Another threat which can be best countered by the design of the application is operational error. Although it is impossible to completely eliminate human error, an application can include verification checks and other constraints on the data that can be entered by a user. To a certain extent, user training and company procedures can also be effective against this threat, but again they is beyond the scope of this module.

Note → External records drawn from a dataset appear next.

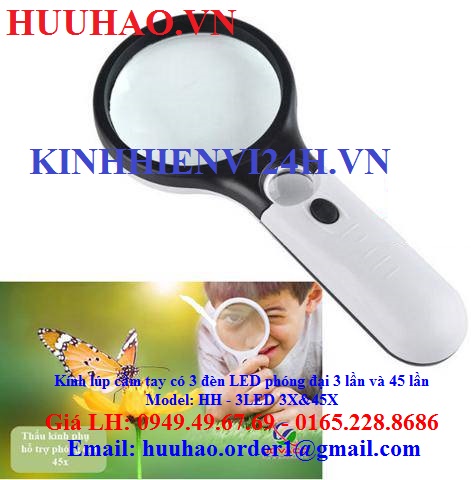 Giới thiệu Kính lúp cầm tay 3X và 45X loại 3 đèn LED HH - 3LED 3X&45X trang bị 2 thấu kính thủy tinh quang học giúp bạn đọc tài liệu và các quan sát được các vật nhỏ xíu một cách dễ dàng hơn.
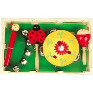 В набор входят: бубен, маракас, колокольчики и хлопушка.Набор музыкальных инструментов – отличный старт для ребенка в мир музыки.Даже самые простые музыкальные инструменты способствуют сенсорному развитию. Чем раньше ребенок начнет получать опыт взаимодействия с разнообразными музыкальными инструментами, тем быстрее и лучше будет в дальнейшем развиваться его речь.Игра на этих музыкальных инструментах способствует развитию у детей слуха, чувства ритма и музыкальной памяти, пространственного восприятия, творческого и логического мышления, речи и навыков общения. А также развивает координацию и точность движений рук.
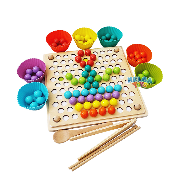 Acest joc montessori de indemanare cu bile si asociere poate reprezenta un cadou deosebit pentru copii cu varsta intre 3 – 6 ani.
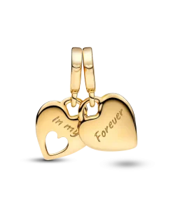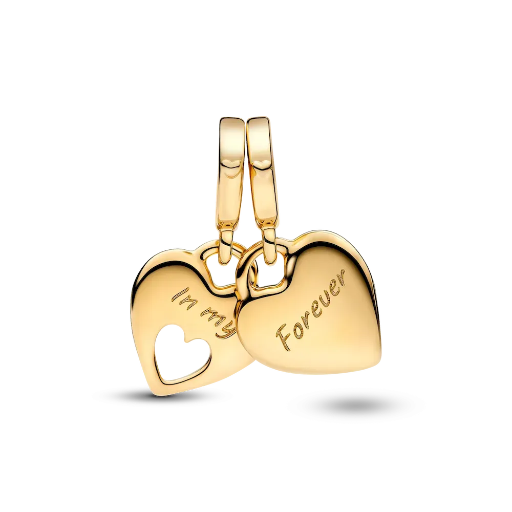 Remind her how much she means to you with this 14k gold-plated double heart charm, including two shareable pieces. The engravings across the two hearts read
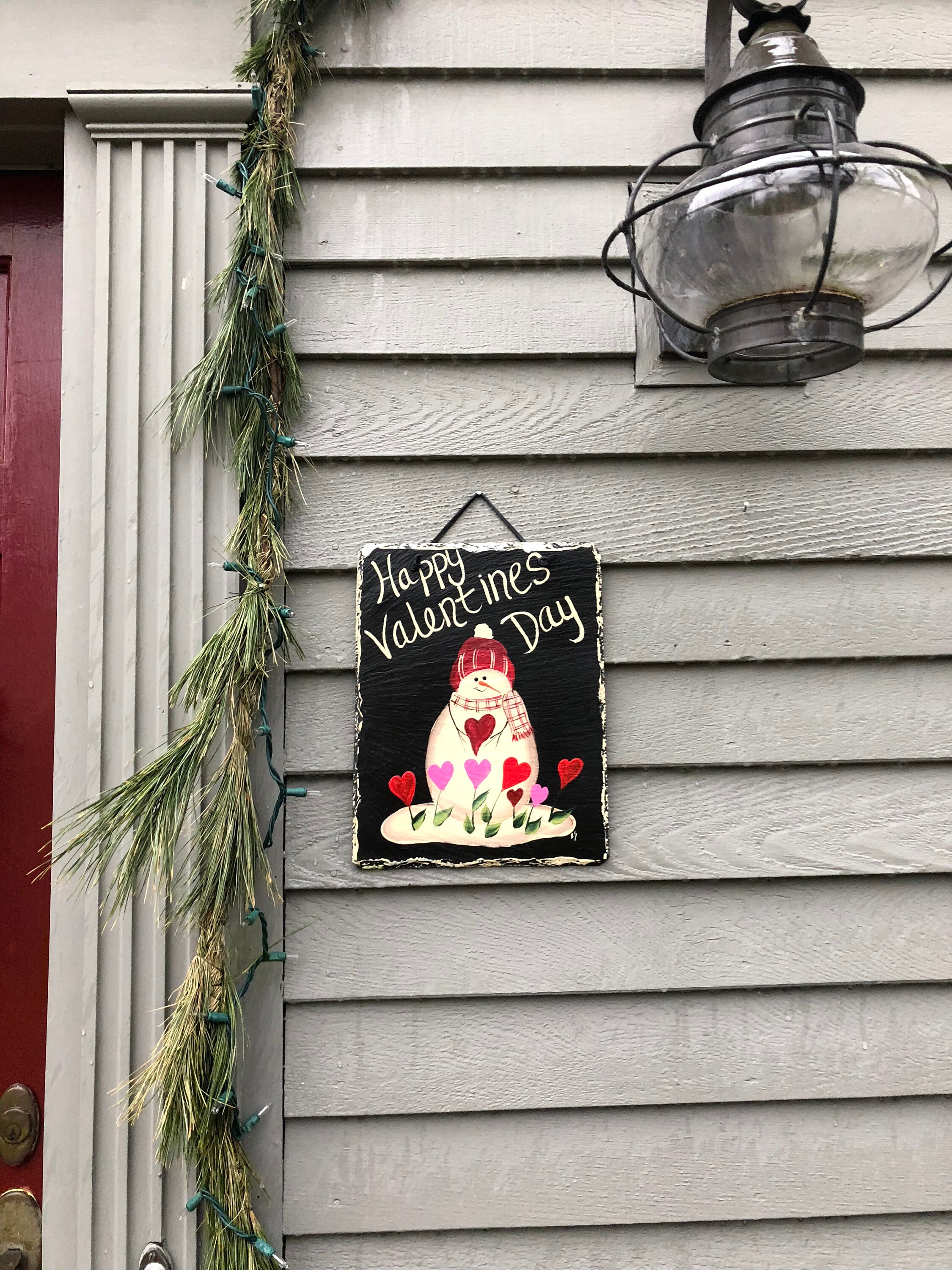 Valentine's Day Slate Heart painting, Painted Slate, Front door decor, Hand painted slate, 12 x 10 recycled roof slate, Welcome sign

Finally, because the DBMS is a software application that is installed alongside others and depends on the services provided by the operating system, it is possible for incompatibilities to arise. This can happen for example when the operating system or some component of the operating system is upgraded and the existing DBMS is only compatible with the earlier version. The only effective way to guard against this type of threat is for the DBA and other systems administrators to be systematic and rigorous in the way they plan and implement upgrades. As well as paper research with the software release notes, the planning process can involve a trial run of the upgrade on a copy of the operational system followed by a period of testing to ensure that the new configuration is stable. These issues however start to delve into the details of the DBA's work that are well outside the scope of this module.